Tuesday, June 06, 2006

Photos from the Farnes







Learning English

Supposed socialist and PM-in-waiting Gordon Brown's latest Daily Mail pleasuring wheeze? All new migrants should "play by the rules" and learn to speak English. On the face of it an extremely laudable idea, and one I hope the many thousands of monolingual English migrants in France and Spain will soon also be forced to adopt. In the meantime, a helping hand for all the linguistically challenged foreigners flocking to our shores: if you're ever forced to sit an exam, just randomly intersperse your conversation with the simple expressions 'to be fair,' 'at the end of the day,' 'f*ck off' and 'you know what I mean?' and you'll pass for native speaker standard no bother at all.

Sunday, June 04, 2006

Farne Islands

I dragged myself out of bed at seven fifteen this morning for the forty-odd mile drive north to the Farne Islands - puffin, seal and kittiwake encrusted rocks just off the coast at Seahouses. We went on a two hour boat trip to Longstone Island and back, chugging around the National Trust nature sanctuaries before tucking into a jumbo sized haddock and chips once we were back on land.
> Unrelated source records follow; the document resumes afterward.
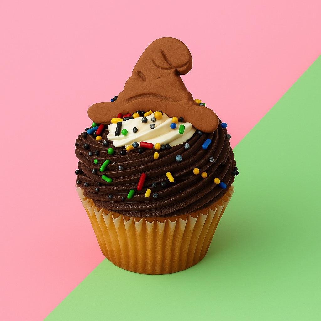vanilla or chocolate cake filled with colorful buttercream with sorting hat cokkie on top
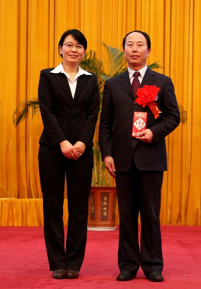公司总经理郝晓琴女士(左一)为技术总监张金宏颁发发明奖并合影留念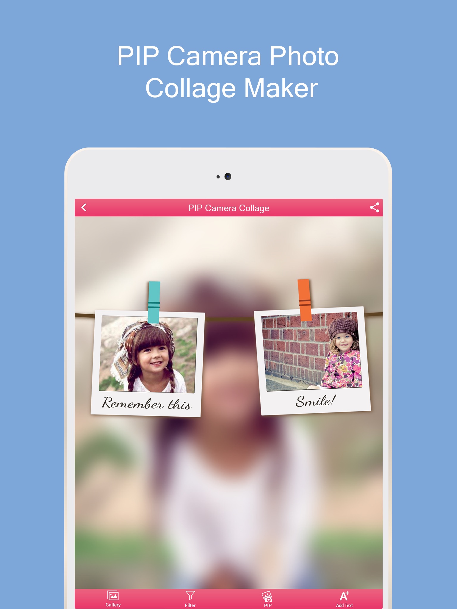 PIP Collage Maker having facility to create PIP COLLAGE PHOTO in our application with best pip frames. Here you have to select at least two PIP photo for fitting in PIP collage maker app.PIP Collage Maker will helps to add effectiveness in your two photos with amazing PIP frames. You can select photo from gallery or camera & edit image by applying very sweet frames. At last save image, share image with your friends, family and followers.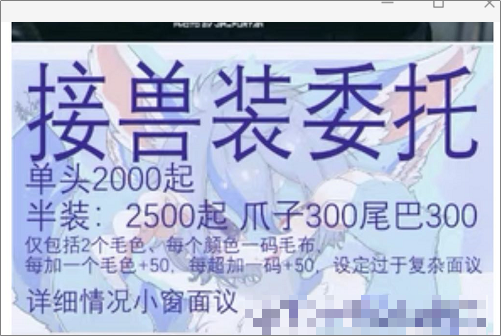 在拿到“双视图”后,还需要找兽装师,根据自己兽设的样式进行估价。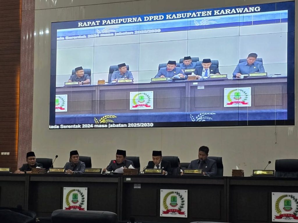 Dewan Perwakilan Rakyat Daerah (DPRD) Kabupaten Karawang melaksanakan Rapat Paripurna yakni mendengarkan Pidato Pertama Bupati terpilih hasil Pemilihan Kepala Daerah (Pilkada) tahun 2024 masa jabatan tahun 2025-2030, bertempat di gedung sidang, Selasa (4/3/2025).
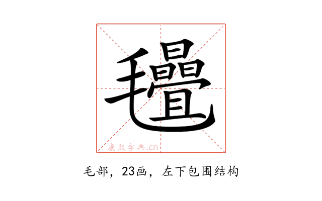 〔𣱁〕字是左下包围结构,可拆字为“毛、曡”。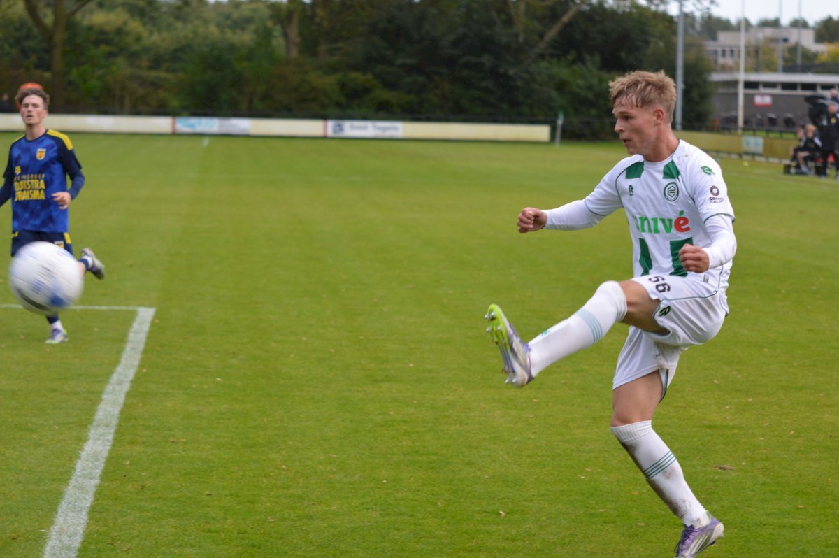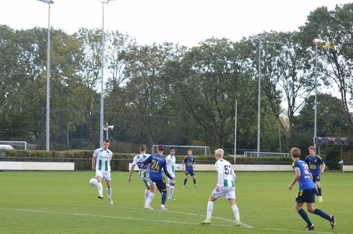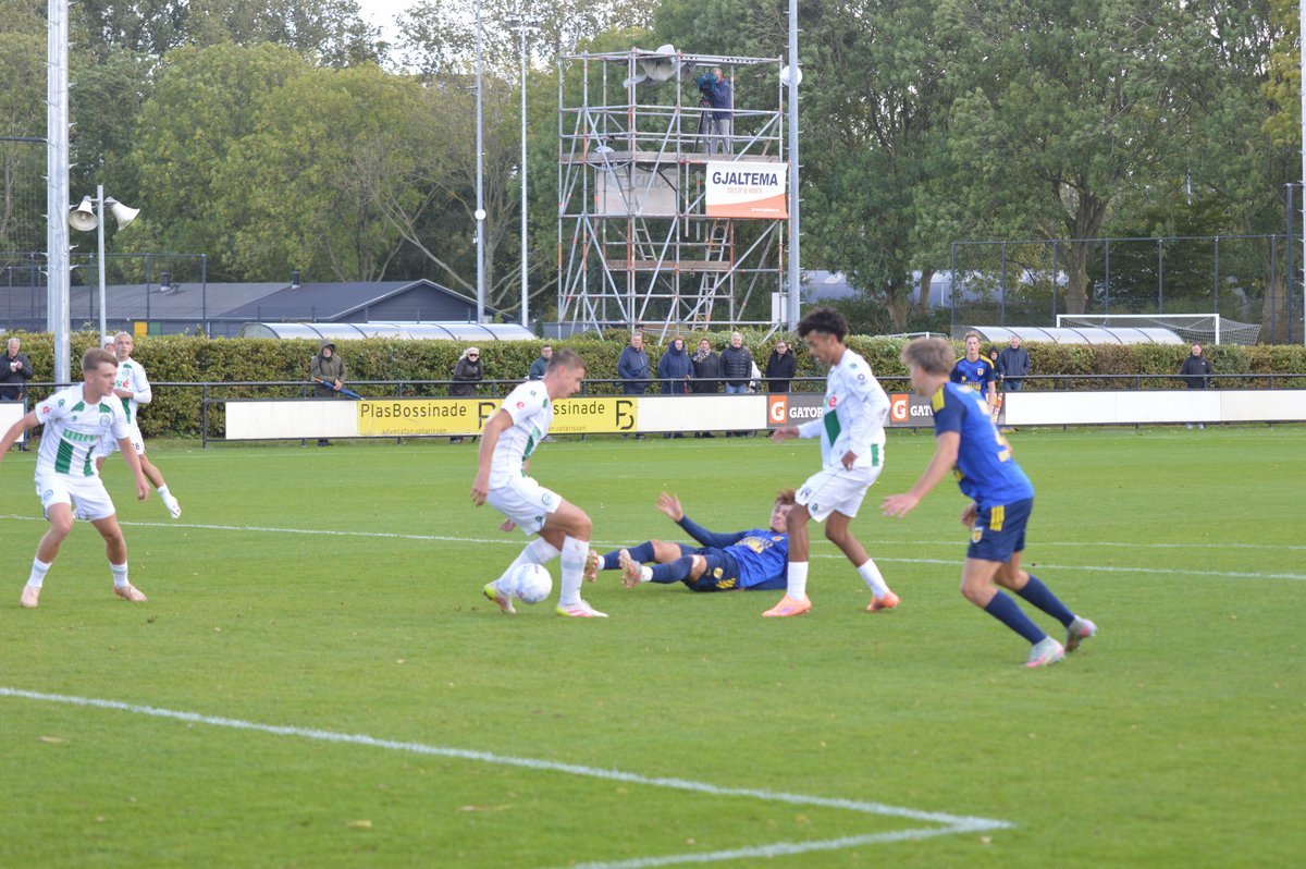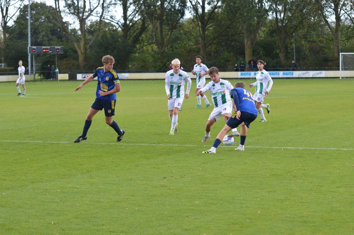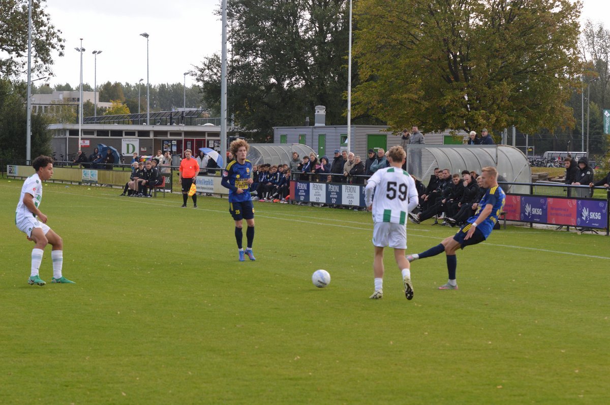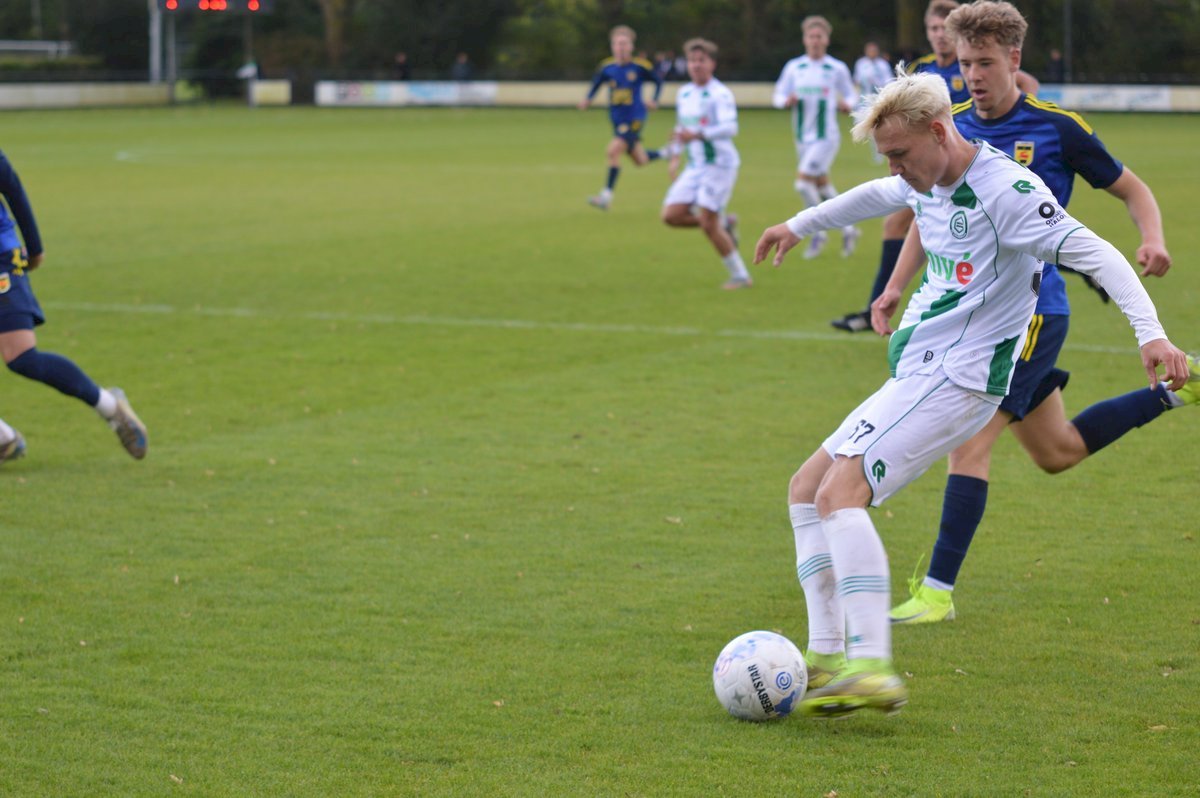 Vanmiddag op Sportpark Corpus den Hoorn in Groningen de topper in de Onder 21 Competitie Divisie 1 tussen de nummer één SC Cambuur o21 en de nummer twee FC Groningen o21. De Leeuwwarders hadden twee punten meer dan de Groningers dus bij winst van SC Cambuur liepen ze uit en bij winst van FC Groningen namen de Groningers de voorlopig koppositie over. FC Groningen was al vier wedstrijden op rijd ongeslagen dus het vertrouwen moest wel goed zijn, SC Cambuur was drie wedstrijden op rij ongeslagen. Onder toeziend oog van oud FC Groningen speler Remco Balk werd de wedstrijd gespeeld. Remco speelt tegenwoordig voor SC Cambuur en scoorde gisteravond nog twee keer tegen FC Emmen en bij Emmen scoorde Romano Postema weer. Ook FC Groningen trainer Dick Lukkien was aanwezig. We hebben Cambuur trainer Henk de Jong niet gezien. Omdat het de dag van de scheidsrechters was vandaag kreeg het arbitraal trio een bloemetje aangeboden van FC Groningen, een prachtige geste van de club.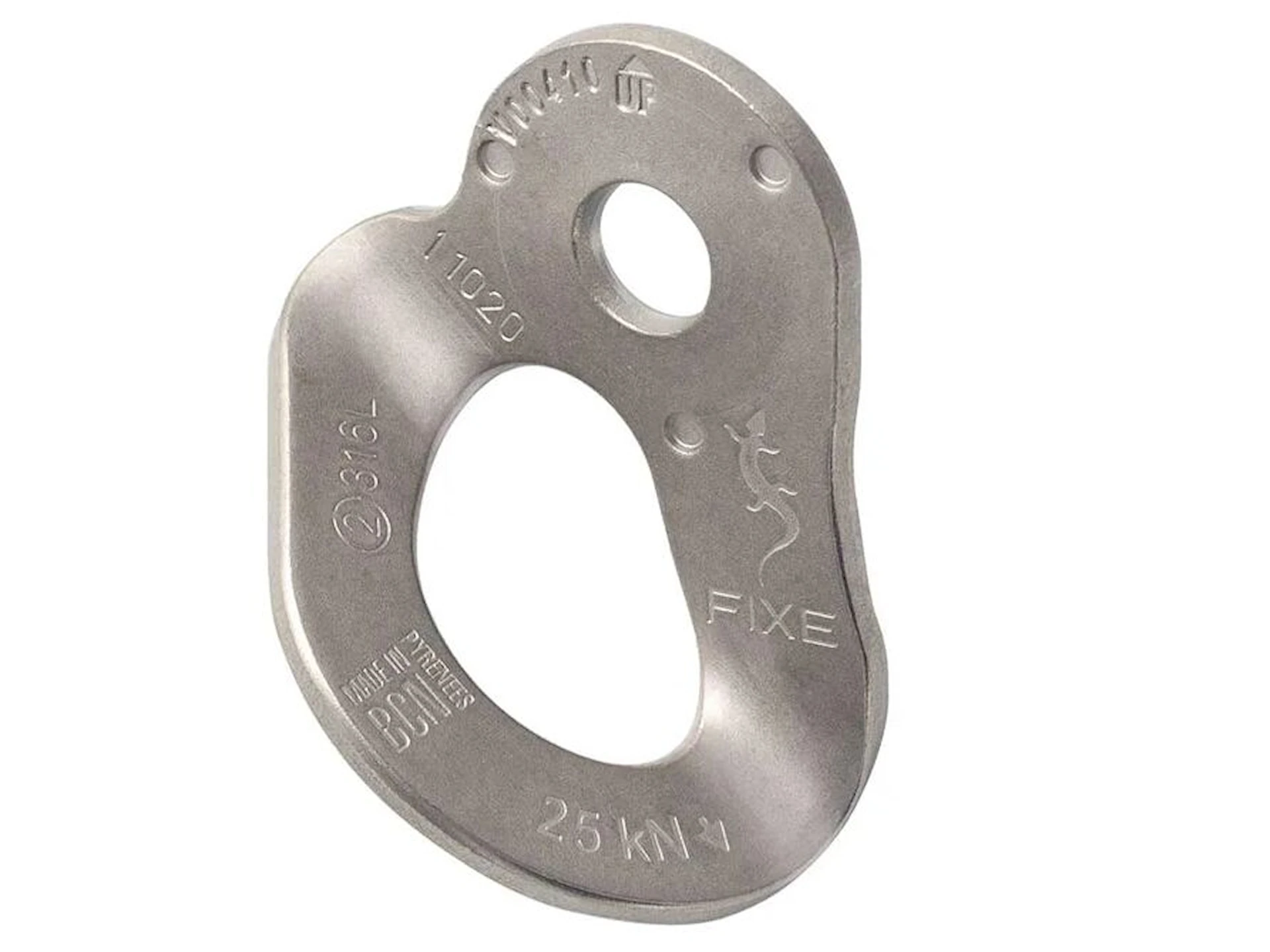 Den afrundede indvendige geometri mindsker påvirkningen af karabiner ved gentagen brug. Tre antirotationspunkter på bagsiden modvirker rotation efter montering og bidrager til et stabilt fastgørelsespunkt.

On the way home we stopped off at Embleton Bay, where the skeletal ruins of Dunstanburgh Castle stand high above a mile long curve of dune backed sand. After a two hour stopover back home we're back off out to see the Sunderland Symphony Orchestra at The Sage tonight.

Photos to follow.

Saturday, June 03, 2006

Summer




Summer's here and Britain's sizzling in the seventies! Katka was up and out on her bike early to lie on the beach with a book. I've always thought that only pies, potatoes and chicken drumsticks are better for being laid down on a flat surface and cooked all over slowly, so I slapped on the remains of last year's suncream and went for a wander along the coast instead. I took the ferry across the Tyne just after lunch, then walked up the seafront to Cullercoats before collapsing onto a metro back to North Shields. On the way home I stopped off to buy Katka flowers. Something I do every summer. Once.